Сказание об Анжелике. Глава XXIX
XXIX
1982
Что я должен сделать, чтобы быть с тобой? Написать роман, прорыть канал в пустыне, свергнуть общественный строй? Что я должен сделать? Скажи, не молчи. Сделаю всё, что скажешь, чтобы не потерять тебя. …. …… ………. …….. …… …………. ….. …….. ……… …….. ……. ……. …… ….. ………. …… ……. ……. …… …… ……. …… ……. …….. ……. ……. ……
. . . . . . . . .
. . . . . . . . . .
– Я мог позвонить в квартиру, и сказать в открывшуюся дверь: «У меня важное сообщение. Речь идет о жизни вашей дочери и жизни всей вашей семьи».
Меня бы впустили. После таких слов кого угодно впустят. Прошли в зал. Уселись.
– Я, (назвав себя), я люблю Анжелику и прошу у вас её руки.
– Но… послушайте, Вы сказали, что речь идёт о жизни.
– Именно так, – оборвал бы я говорящего. – О жизни. А не о жизни и смерти.
– Но почему Вы…
– Именно поэтому, поэтому. Чтобы войти к вам и сказать это. Выста-вить меня вон, сейчас, всё же труднее, чем просто захлопнуть дверь на пороге. Теперь, прежде чем выпихнуть меня в шею, вам придётся кроме мускул поработать ещё и головой.
Я и ваша дочь любим друг друга. Но…
– Я не люблю его! ( Заметьте, даже не тебя, а его!)
– Вот видите, я и говорю, мы любим друг друга. Но она ещё об этом не знает. Да что вы стоите. Напоите меня чаем. И за столом обсудим моё предложение, прежде чем вы его примите.

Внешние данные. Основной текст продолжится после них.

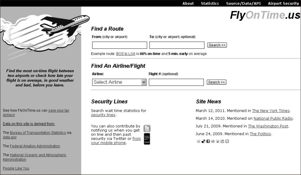 其实,为了缓解航班延误的问题,美国政府也想过同样的办法。早在Data.Gov之前,国家交通安全局就在其网页上(NSA.gov)提供过一个“航班等待时间计算器”,帮助旅客估计因航班延误而导致的等待时间。2009年政府开放原始数据之后,民间开发出来的这个免费工具明显比交通安全局提供的“计算器”功能更强大、界面更友好。很快,该局便关闭了这个“计算器”。
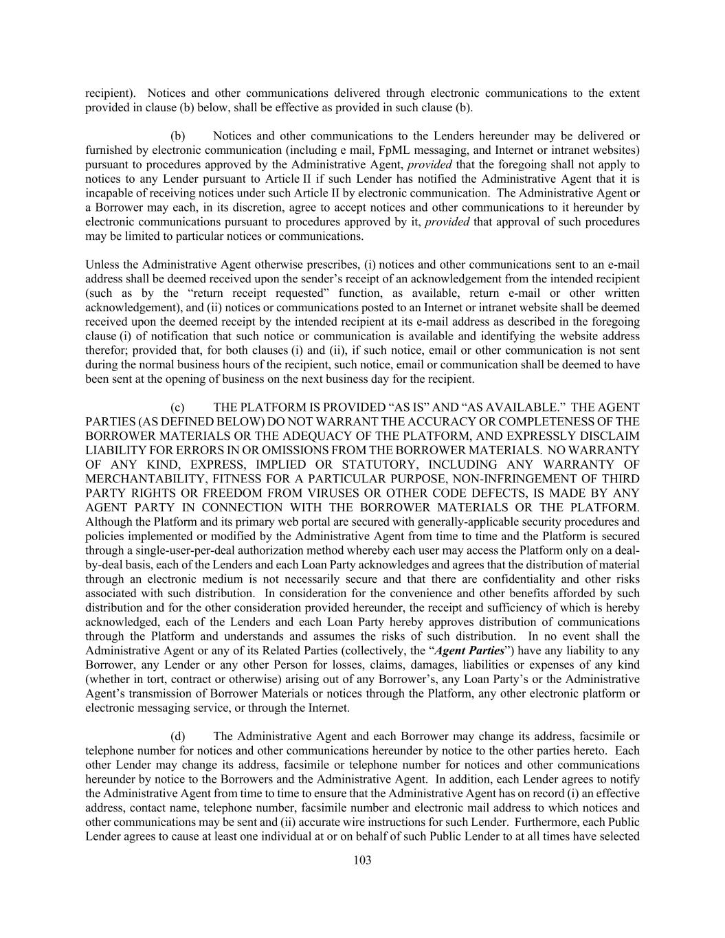 103 recipient). Notices and other communications delivered through electronic communications to the extent provided in clause (b) below, shall be effective as provided in such clause (b). (b) Notices and other communications to the Lenders hereunder may be delivered or furnished by electronic communication (including e mail, FpML messaging, and Internet or intranet websites) pursuant to procedures approved by the Administrative Agent, provided that the foregoing shall not apply to notices to any Lender pursuant to Article II if such Lender has notified the Administrative Agent that it is incapable of receiving notices under such Article II by electronic communication. The Administrative Agent or a Borrower may each, in its discretion, agree to accept notices and other communications to it hereunder by electronic communications pursuant to procedures approved by it, provided that approval of such procedures may be limited to particular notices or communications. Unless the Administrative Agent otherwise prescribes, (i) notices and other communications sent to an e-mail address shall be deemed received upon the sender’s receipt of an acknowledgement from the intended recipient (such as by the “return receipt requested” function, as available, return e-mail or other written acknowledgement), and (ii) notices or communications posted to an Internet or intranet website shall be deemed received upon the deemed receipt by the intended recipient at its e-mail address as described in the foregoing clause (i) of notification that such notice or communication is available and identifying the website address therefor; provided that, for both clauses (i) and (ii), if such notice, email or other communication is not sent during the normal business hours of the recipient, such notice, email or communication shall be deemed to have been sent at the opening of business on the next business day for the recipient. (c) THE PLATFORM IS PROVIDED “AS IS” AND “AS AVAILABLE.” THE AGENT PARTIES (AS DEFINED BELOW) DO NOT WARRANT THE ACCURACY OR COMPLETENESS OF THE BORROWER MATERIALS OR THE ADEQUACY OF THE PLATFORM, AND EXPRESSLY DISCLAIM LIABILITY FOR ERRORS IN OR OMISSIONS FROM THE BORROWER MATERIALS. NO WARRANTY OF ANY KIND, EXPRESS, IMPLIED OR STATUTORY, INCLUDING ANY WARRANTY OF MERCHANTABILITY, FITNESS FOR A PARTICULAR PURPOSE, NON-INFRINGEMENT OF THIRD PARTY RIGHTS OR FREEDOM FROM VIRUSES OR OTHER CODE DEFECTS, IS MADE BY ANY AGENT PARTY IN CONNECTION WITH THE BORROWER MATERIALS OR THE PLATFORM. Although the Platform and its primary web portal are secured with generally-applicable security procedures and policies implemented or modified by the Administrative Agent from time to time and the Platform is secured through a single-user-per-deal authorization method whereby each user may access the Platform only on a deal- by-deal basis, each of the Lenders and each Loan Party acknowledges and agrees that the distribution of material through an electronic medium is not necessarily secure and that there are confidentiality and other risks associated with such distribution. In consideration for the convenience and other benefits afforded by such distribution and for the other consideration provided hereunder, the receipt and sufficiency of which is hereby acknowledged, each of the Lenders and each Loan Party hereby approves distribution of communications through the Platform and understands and assumes the risks of such distribution. In no event shall the Administrative Agent or any of its Related Parties (collectively, the “Agent Parties”) have any liability to any Borrower, any Lender or any other Person for losses, claims, damages, liabilities or expenses of any kind (whether in tort, contract or otherwise) arising out of any Borrower’s, any Loan Party’s or the Administrative Agent’s transmission of Borrower Materials or notices through the Platform, any other electronic platform or electronic messaging service, or through the Internet. (d) The Administrative Agent and each Borrower may change its address, facsimile or telephone number for notices and other communications hereunder by notice to the other parties hereto. Each other Lender may change its address, facsimile or telephone number for notices and other communications hereunder by notice to the Borrowers and the Administrative Agent. In addition, each Lender agrees to notify the Administrative Agent from time to time to ensure that the Administrative Agent has on record (i) an effective address, contact name, telephone number, facsimile number and electronic mail address to which notices and other communications may be sent and (ii) accurate wire instructions for such Lender. Furthermore, each Public Lender agrees to cause at least one individual at or on behalf of such Public Lender to at all times have selected
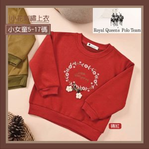 小女童 小花刺繡圓領上衣 磚紅 長袖T恤 5-17碼 [96593] RQ POLO 小童 秋冬童裝 質感好材質舒適
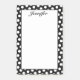 Black and white polka dotted pattern with a personalised text message in modern elegant calligraphy.
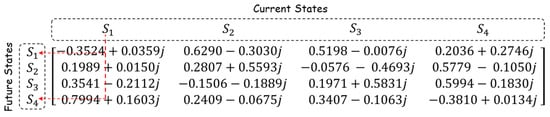 The matrix in Figure 4 describes a quantum microprocessor. As for the matrix in Figure 3, the above constraint guarantees that the microprocessor evolves certainly from the current state to some future state, reachable with a given probability. The probabilities of reaching the future states S1, S2, S3, and S4 from the current state S1 are |−0.3524 + j0.0359|2 ≅ 0.1255, |0.1989 + j0.0150|2 ≅ 0.0398, |0.3541 − j0.2112|2 ≅ 0.1700, and |0.7994 + j0.1603|2 ≅ 0.6647, respectively, with an aggregate probability of 100%. Note that j is the imaginary unit.
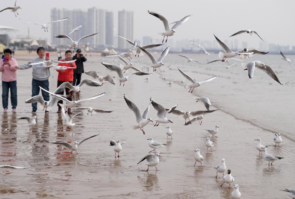 春日和暖,大批海鷗在河北省秦皇島市金夢(mèng)海灣浴場(chǎng)飛舞、覓食,吸引游客前來(lái)觀賞。
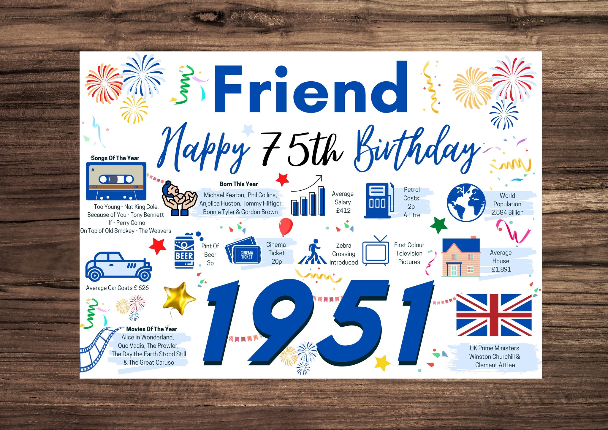 75th Birthday Card For Him, Birthday Card For Friend Seventy Five , Born In 1951
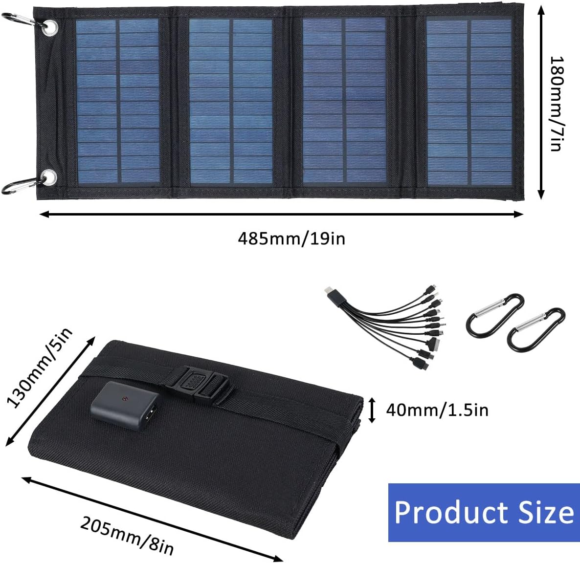 (*^_^*) [Good PET Material] This solar panel folding charger is made of premium PET material, which is IP65 Waterproof. The solar panel adopts monocrystalline silicon, which is eco-friendly. It is sensitive and durable to use. (*^_^*) [Charge for Your Phone] Our product solar conversion rate is 20, which is suitable for charging for your mobile phones, mobile power and more. (*^_^*) [Widely Uses] The product is suitable for outdoor activities, emergency and outdoor operations. It provides continuous power supply even on cloudy days. (*^_^*) [Foldable and Lightweight] Our USB solar power charger is foldable and lightweight, easy to carry. It is ultra-thin, convenient to store and install. The folding size is 205×130×40mm. (*^_^*) [After-sales] If you have any questions, please get in touch with us, our service team will provide you with a professional and satisfactory service.
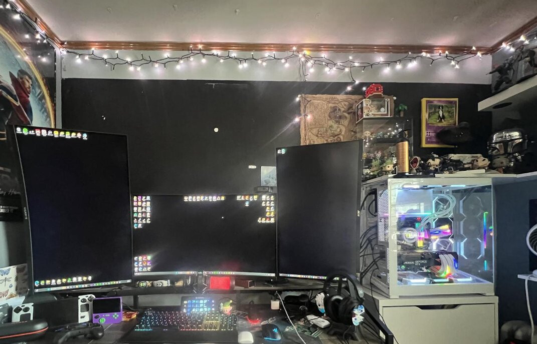 light up cables are from lian li as well running a 3 monitor system but so far happy with my progression from my first ever computer started with a prebuilt alienware with an i3 and 4gb of ram 1 tb storage so you could say ive learned and spent a lot of money and effort into this build
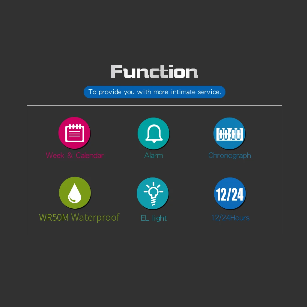 Running seconds, alarm clock, luminous, hourly hour, day of the week display, 12/24 hour system, WR50M waterproof life
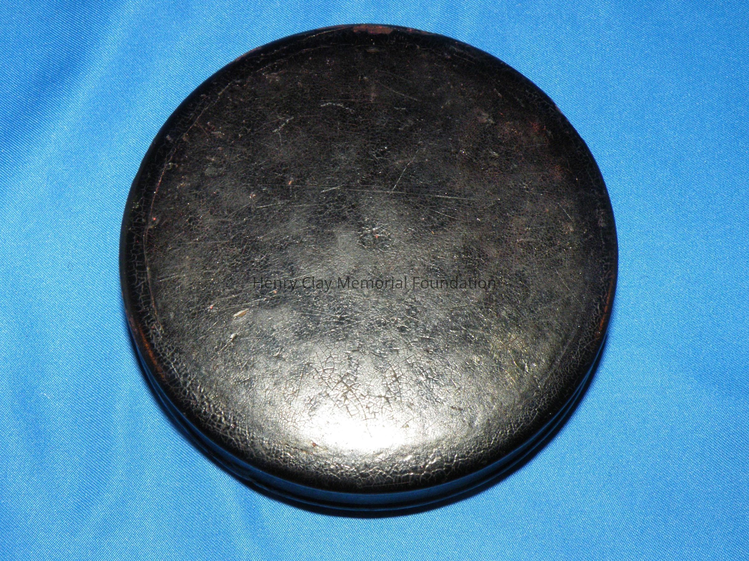 Circular papier mache snuffbox with lift off lid. The lid bears a picture of Henry Clay holding a paper that is engraved. The base has an inset lip over which the lid rests. The box is black and the engraving is a darkened yellow color.

( А дальше – по обстоятельствам.)
Я не мог. Я обещал не появляться вблизи её дома.
. . . . . . . . . .
Но мог поступить так. Придти и сказать, я нарушил слово, пришёл сюда. У нас два выхода – или ты возвращаешь мне слово и прощаешь меня, что я явился, или же я умираю вот от этого ……, который принёс с собой, поскольку, нарушив слово впервые в жизни, я не смогу жить дальше, если ты его не вернёшь.
. . . . . . . . . .
Не мог я так поступить. Не мог. Мы стояли под холодным дождём и, вцепившись холодными пальчиками в лацканы моей куртки и дрожа, она повторяла просьбу, больше похожую на заклинание, не приближаться к ней. Я видел, что она жалеет, и капли дождя на лице смешивались с её слезами. Чтобы она перестала плакать, я готов был согласиться на что угодно, отказаться от чего угодно, даже от жизни. Что я и сделал. Согласился. Отказался. Я ещё не видел, так отчётливо, что Она – это моя жизнь. Отказавшись от неё, я отказался от себя, от своей жизни.
Следующая жизнь была совсем другая. О, это была совсем чужая, незнакомая мне жизнь.
Она дрожала и слёзы катились по её щекам и меня трясло не меньше, но внутри. И я любил её и видел, что она любит, и говорил слова и слушал в ответ слова прощания.
И все люди шли поодаль мимо нас, торопясь от дождя в метро, а мы стояли друг против друга, стояли мимо людей. Я тогда ещё не знал, что моя жизнь закончилась. Прошла мимо. Как эти люди. Мы стояли друг против друга. Друг против друга. Она же предложила «остаться друзьями». И вот стояли два друга, но не рядом, один п р о т и в другого. Нам так и было суждено оставаться – противниками – друзьями – противниками.
. . . . . . . . . .
. . . . . . . . . .
Всё это вышло нерасчетливо? Она сама не знала, как это получилось. Это знала только любовь. Но она промолчала. И, л ю б я, она полюбила меня.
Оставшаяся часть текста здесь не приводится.